Note that when a bottleneck rifle case expands in a chamber it typically sticks to the sides and stretches at the pressure ring. This lengthens the distance from the head to the shoulder. This is said to be moving the shoulder forward, even though it actually moves the head back from the center of the case volume. That measurement change is true anyplace on the shoulder that you choose to measure it. It'll be true if you measure from the head to the datum diameter on the shoulder or if you improvise by measuring a diameter that falls someplace else on the shoulder, as shown below. But either way, as long as you measure the same diameter, you will see that length changes.
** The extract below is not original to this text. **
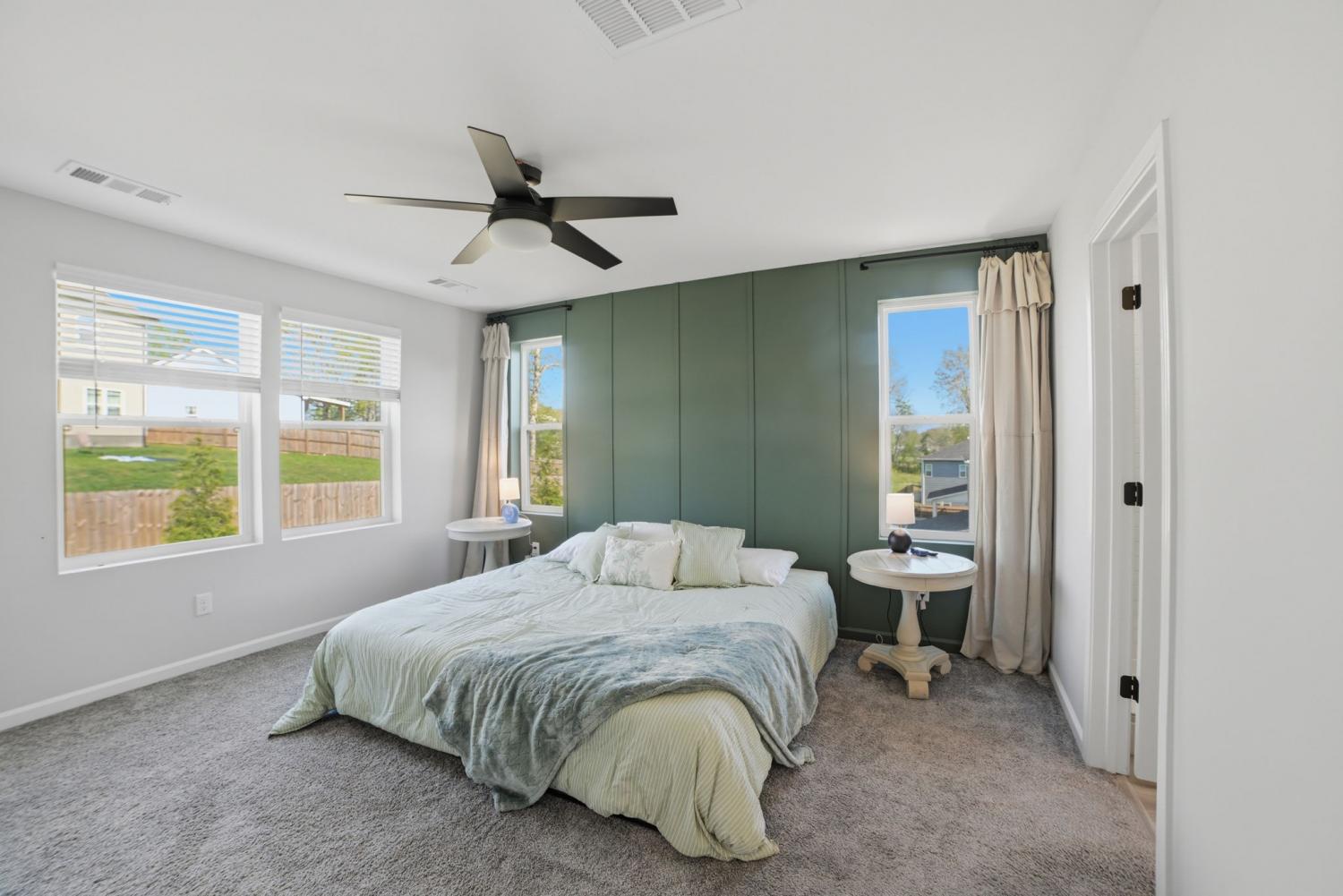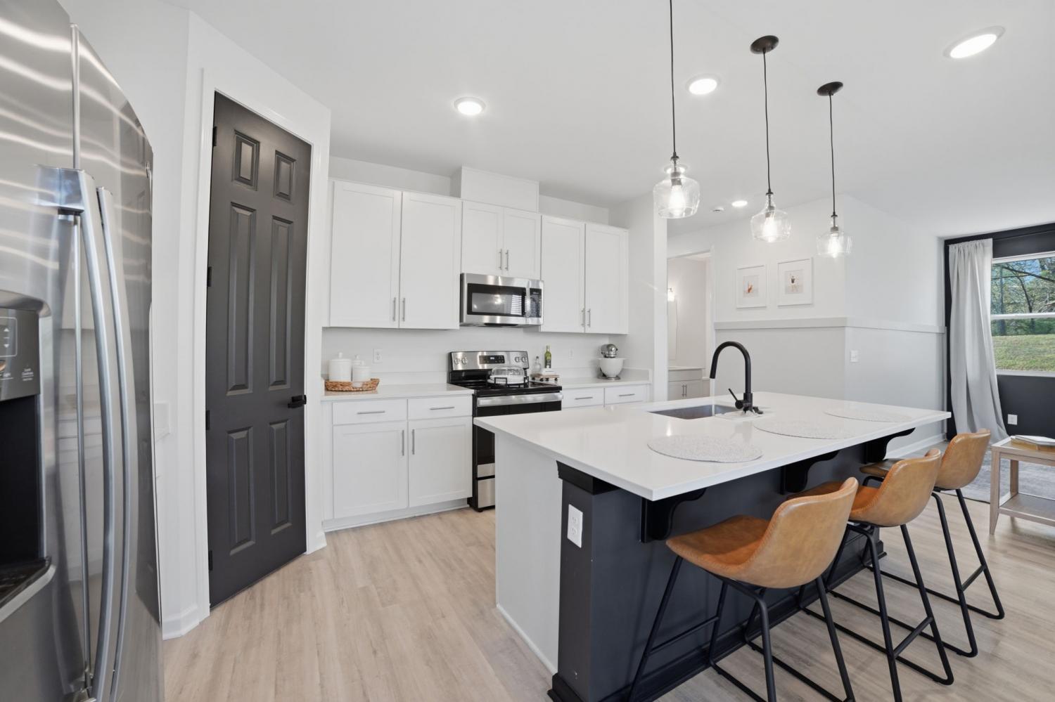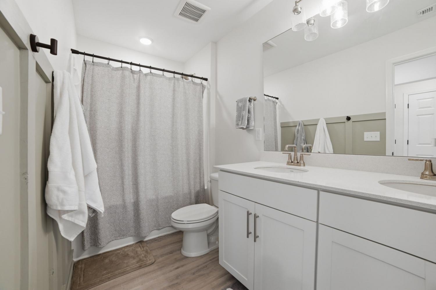 Welcome home to 121 Timber Crest Trail in White Bluff, a 4BR/3BA home in a great location with approximately 2,000 square feet of thoughtfully designed living space. The floor plan is flexible, featuring a main-level bedroom and full bath for easy living, plus a primary suite and two additional bedrooms and two more full baths upstairs, and an upstairs laundry room. An open foyer with a drop zone leads into a bright, open living/dining/kitchen area centered around a large island with seating, while a walk-in pantry provides extra storage and convenience. A two-car garage with shelving rounds out the practical side of this home. The low-maintenance yard includes a small rear patio ideal for grilling or relaxing outdoors. All appliances are included, including the refrigerator, washer and dryer, and a garage freezer, making this home turnkey and ready for immediate occupancy. This property is truly move-in ready, with nothing extra to do for most buyers beyond personal touches and furnishings.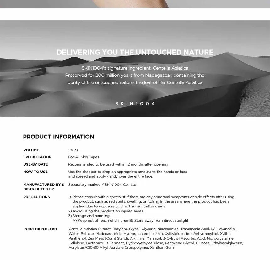 Water(Aqua), Butylene Glycol, Niacinamide, Glycerin, Tranexamic Acid, 1,2-Hexanediol, Betaine, Centella Asiatica Extract, Zea Mays (Corn) Starch, Xanthan Gum, Microcrystalline Cellulose, Mannitol, Panthenol, Pentylene Glycol, Ethylhexylglycerin, Hydroxyethylcellulose, Madecassoside, Acrylates/ C10-30 Alkyl Acrylate Crosspolymer, Arginine, Hydrogenated Lecithin, Xylitylglucoside, Anhydroxylitol, Xylitol, Glucose, 3-O-Ethyl Ascorbic Acid, Lactobacillus Ferment

When you resize, because the stretched pressure ring is thicker than the brass at the shoulder and neck, the pressure ring is not pushed back to size. Instead, as the case is forced into the die it is first squeezed a little narrower and longer and then, when the shoulder of the case meets the shoulder of the die, the brass begins to be extruded up into the neck. This means a little of the brass that was part of the top end of the shoulder flows into and becomes part of the neck or part of the internal donut ring at the neck and shoulder junction, and a little of the brass that had been the sides of the case at the bottom edge of the shoulder is flowed up to become part of the shoulder. So Mr. Guffey is correct to say the shoulder is not moved or bumped back in the sense of relocated the exact same atoms of brass alloy up or down, but rather the shoulder comes to be comprised of mostly the same atoms with some new ones coming from the sidewalls of the case body by extrusion. The location of the datum diameter (or any other diameter on the shoulder) is then changed with respect to the location of the head. It's a plastic flow. But to the layman it certainly appears the shoulder changed location so that is how it came to be generally described as setting a shoulder back or, if the setback is very small, "bumping" it back.